Цель и значение: Грот подчеркивает, что понимание легендарного периода критически важно для изучения последующей политической истории Греции. Без знания эпических традиций и религиозных представлений многие события и общественные реакции классической эпохи (например, дело об осквернении герм в Афинах) останутся непонятными для читателя.
Целевая аудитория: Том адресован как широкой образованной публике, так и профессиональным историкам. Грот стремится представить не просто хронологическое изложение событий, но всестороннюю картину греческого мира, основанную на строгом критическом анализе источников.
Таким образом, первый том закладывает философские и методологические основы всего грандиозного труда, провозглашая новые, современные стандарты исторического исследования, актуальные и по сей день.
Предисловие
Первая мысль об этой истории возникла много лет назад, в то время, когда древняя Эллада была известна английской публике преимущественно по трудам Митфорда. Моей целью при написании было исправить ошибочные факты, содержащиеся в его работе, а также представить явления греческого мира с более справедливой и всеобъемлющей точки зрения. Однако в то время у меня не было достаточно досуга для осуществления столь масштабного литературного замысла, и лишь в последние три-четыре года я смог посвятить этой работе непрерывный и исключительный труд, без которого, хотя можно осветить отдельные вопросы, невозможно достойно изложить сложную тему для широкой публики.
Между тем состояние английской литературы, касающейся древней Эллады, изменилось в нескольких отношениях. Если бы «История Греции» моего давнего друга доктора Тирлуолла появилась на несколько лет раньше, я, вероятно, никогда не задумал бы эту работу; во всяком случае, я не был бы побужден к ней теми недостатками, которые я ощущал и сожалел у Митфорда. Сравнение этих двух авторов служит ярким доказательством прогресса в понимании древнего мира, достигнутого за последнее поколение. Изучив те же источники, что и доктор Тирлуолл, я лучше других могу свидетельствовать о знаниях, проницательности и беспристрастности, пронизывающих его превосходный труд. И мне тем более важно выразить это мнение, поскольку в дальнейшем мне придется чаще указывать на расхождения с ним, чем на совпадения.
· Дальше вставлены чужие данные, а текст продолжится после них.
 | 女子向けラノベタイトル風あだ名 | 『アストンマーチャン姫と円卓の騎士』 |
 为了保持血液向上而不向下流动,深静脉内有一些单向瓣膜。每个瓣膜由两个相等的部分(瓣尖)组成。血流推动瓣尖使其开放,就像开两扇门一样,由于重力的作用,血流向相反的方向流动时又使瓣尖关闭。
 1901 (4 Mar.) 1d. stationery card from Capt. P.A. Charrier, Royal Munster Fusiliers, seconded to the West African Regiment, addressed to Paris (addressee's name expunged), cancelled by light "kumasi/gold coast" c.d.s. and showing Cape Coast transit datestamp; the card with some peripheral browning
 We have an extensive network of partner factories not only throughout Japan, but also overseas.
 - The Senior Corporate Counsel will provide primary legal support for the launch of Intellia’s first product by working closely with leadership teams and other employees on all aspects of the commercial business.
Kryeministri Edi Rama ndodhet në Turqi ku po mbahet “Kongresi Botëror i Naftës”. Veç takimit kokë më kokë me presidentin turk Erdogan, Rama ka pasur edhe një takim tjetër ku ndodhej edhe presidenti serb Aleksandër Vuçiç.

Либеральный дух критики, в котором доктор Тирлуолл столь разительно отличается от Митфорда, принадлежит ему лично; другие же его преимущества разделяет с ним его эпоха. За поколение, прошедшее со времени работы Митфорда, филологические исследования в Германии достигли значительных успехов. Ограниченный набор фактов и документов, дошедших из древнего мира, был осмыслен и истолкован тысячами различных способов. И если мы не можем умножить число свидетелей прошлого, то у нас есть множество толкователей, которые улавливают, повторяют, расширяют и разъясняют их отрывочные и едва слышные показания. Некоторые из лучших авторов в этой области – Бёк, Нибу.
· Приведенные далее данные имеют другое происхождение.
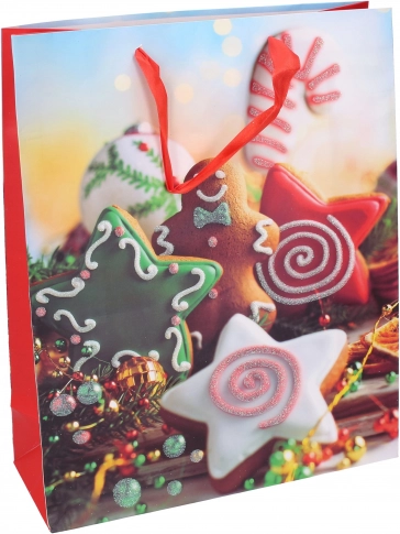Stilska božična darilna vrečka velikosti M v štirih motivih za lepo zapakiranje daril. Dimenzije 26x32x10 cm.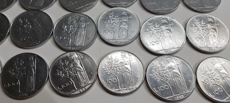 30 KOVANICA OD 100 LIRA RAZLIČITIH GODIŠTA (u opisu pišu koje godine)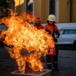 Die Jugendlichen lernten hierbei die Zusammenarbeit zwischen Feuerwehr und Rettungsdienst bei einer Patientenrettung mit der Drehleiter kennen und wurden im weiteren Verlauf auf den richtigen Umgang mit Feuerlöschern bei einem Brandsimulator geschult.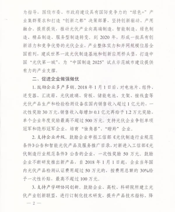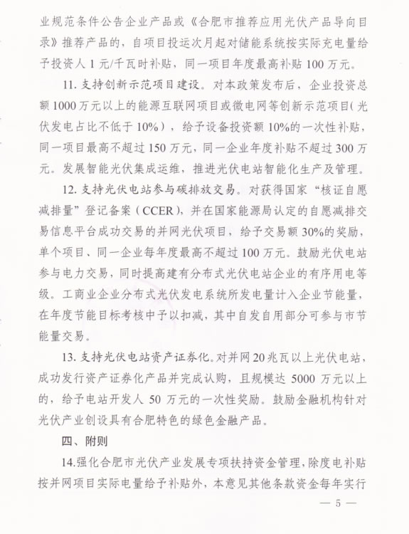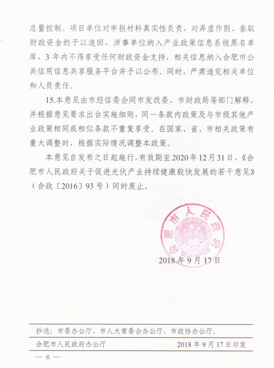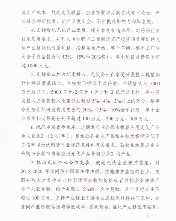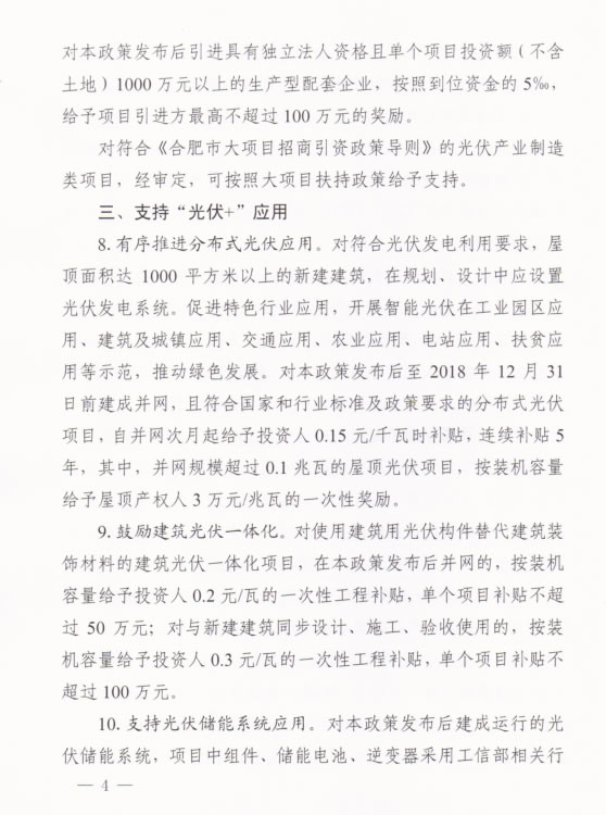 近日,合肥市人民政府关于进一步促进光伏产业持续健康发展的意见指出,对符合光伏发电利用要求,屋顶面积达1000平方米以上的新建建筑,在规划、设计中应设置光伏发电系统。促进特色行业应用,开展智能光伏在工业园区应用、建筑及城镇应用、交通应用、农业应用、电站应用、扶贫应用等示范,推动绿色发展。对本政策发布后至2018年12月31日前建成并网,且符合国家和行业标准及政策要求的分布式光伏项目,自并网次月起给予投资人1.15元/千瓦时补贴,连续补贴5年,其中,并网规模超过0.1兆瓦时的屋顶光伏项目,按装机容量给予屋顶产权人3万元/兆瓦的一次性奖励。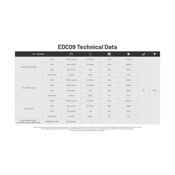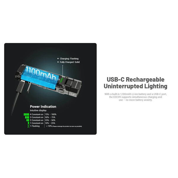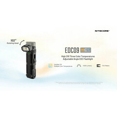 Nitecore EDC09 е ярко фенерче с плосък профил, което съчетава голяма мощност с компактен дизайн, създаден както за работа, така и за приключения. То осигурява до 1600 лумена с лъч, достигащ 264 метра, осигурявайки надеждна видимост, когато имате нужда от нея. Четири нива на яркост ви позволяват да настроите светлината към заобикалящата ви среда, а предупредителна светкавица от 200 лумена добавя допълнителна безопасност по време на спиране край пътя или аварийни ситуации.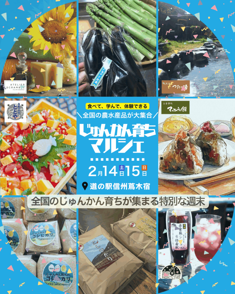 じゅんかん育ちを「食べて・学んで・体験できる」様々な企画をご用意していますので、ご家族・ご友人とご一緒に、ぜひ遊びに来てください!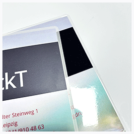 Im Anschluss werden die Drucke laminiert. Die Laminiertaschen gibt es mit matter und glänzender Oberflächen.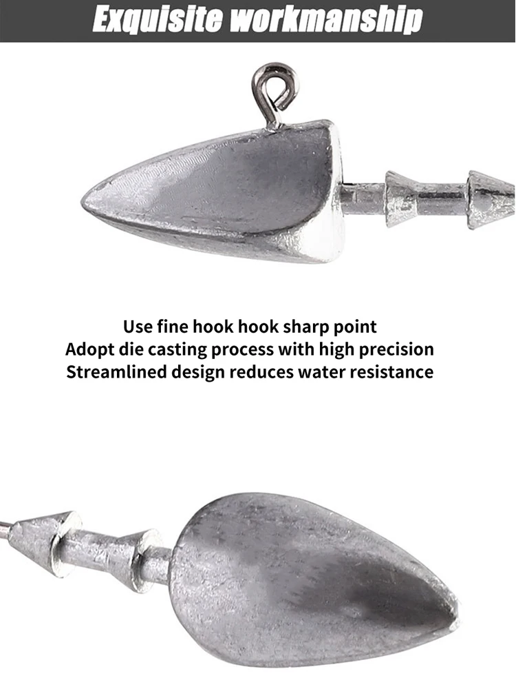 1. Свинцовая головка принимает треугольный обтекаемый дизайн, чтобы уменьшить сопротивление движения вперед в воде;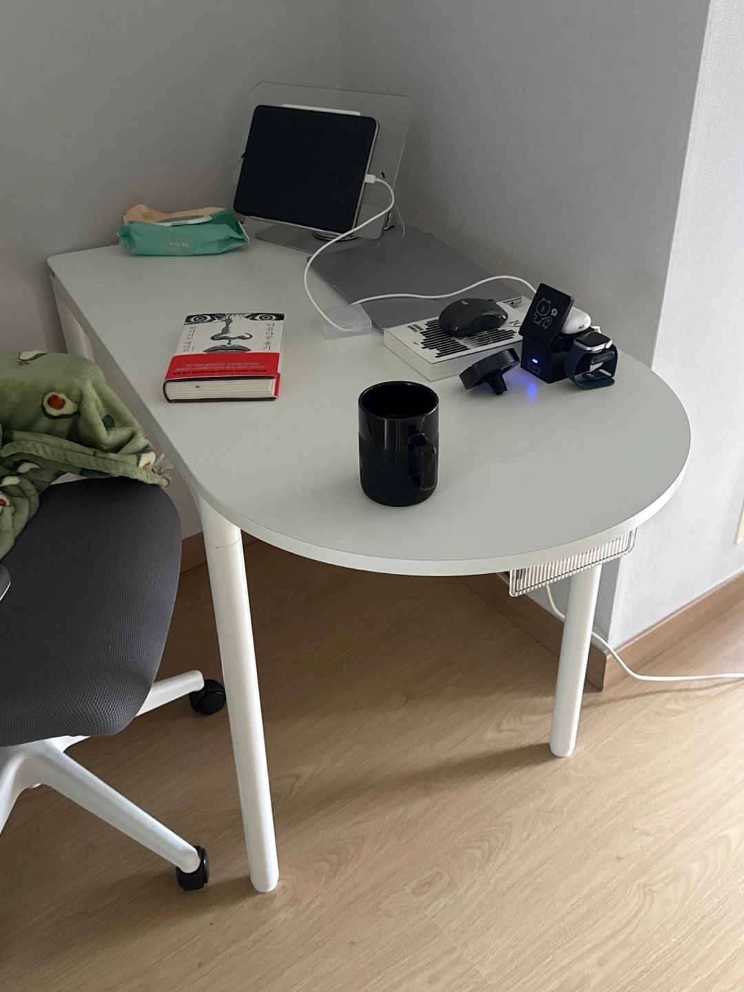 깔끔한 디자인의 흰색 책상 사이즈는 1070 X 600 X 740 이고 상태는 깨끗합니다 세번째 사진이 제가 산 모델입니다 직접 오셔서 가지고 가셔야합니다!
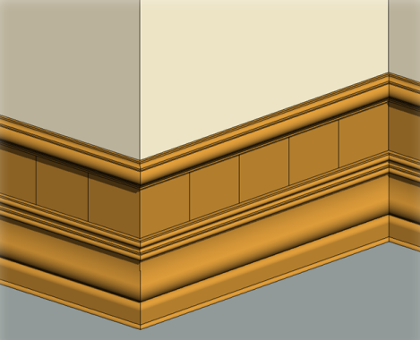 Utilize a ferramenta Extrusão por percurso para adicionar uma placa base, molde de coroa ou outro tipo de projeção horizontal ou vertical decorativa em uma parede. Você pode adicionar uma extrusão por percurso de parede para uma parede de qualquer vista 3D ou de elevação.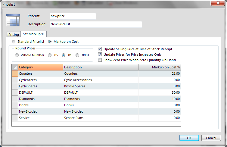 Automatically Update certain or all of your Inventory Item selling prices for specific customers. This feature allows you to define a price list as a “List” or a “Markup On Cost” type pricelist. The Markup on Cost pricelist has the ability to change the selling price dynamically at the time of Receiving or on the Manufacturing of Inventory items, with a set Markup by Item Category. The ability to change the price for increases only, with a full audit trail report on all changes by user and the option to have an unlimited number of customer pricelists, rounds off this feature.

Изложить историю народа, который первым пробудил дремлющие интеллектуальные способности человеческой природы, – эллинские явления как отражение эллинского духа и характера – вот задача, которую я ставлю перед собой в настоящем труде; не без мучительного осознания того, насколько исполнение отстает от замысла, и еще более болезненного убеждения, что полный успех невозможен из-за препятствия, которое никакие человеческие усилия уже не могут устранить, – недостатка первоисточников.
Ибо, несмотря на ценные изыскания многих способных комментаторов, наши знания о древнем мире остаются плачевно неадекватными запросам просвещенного любопытства. Мы располагаем лишь тем, что выброшено на берег после крушения корабля; и хотя среди этого есть драгоценные обломки некогда богатого груза, но если кто-нибудь бросит взгляд на цитаты у Диогена Лаэртского, Афинея или Плутарха, или на список имен в «Vossius de Historicis Græcis», он с горечью и изумлением увидит, как многое безвозвратно утрачено из-за порабощения самих греков, упадка Римской империи, смены религии и нашествия варварских завоевателей.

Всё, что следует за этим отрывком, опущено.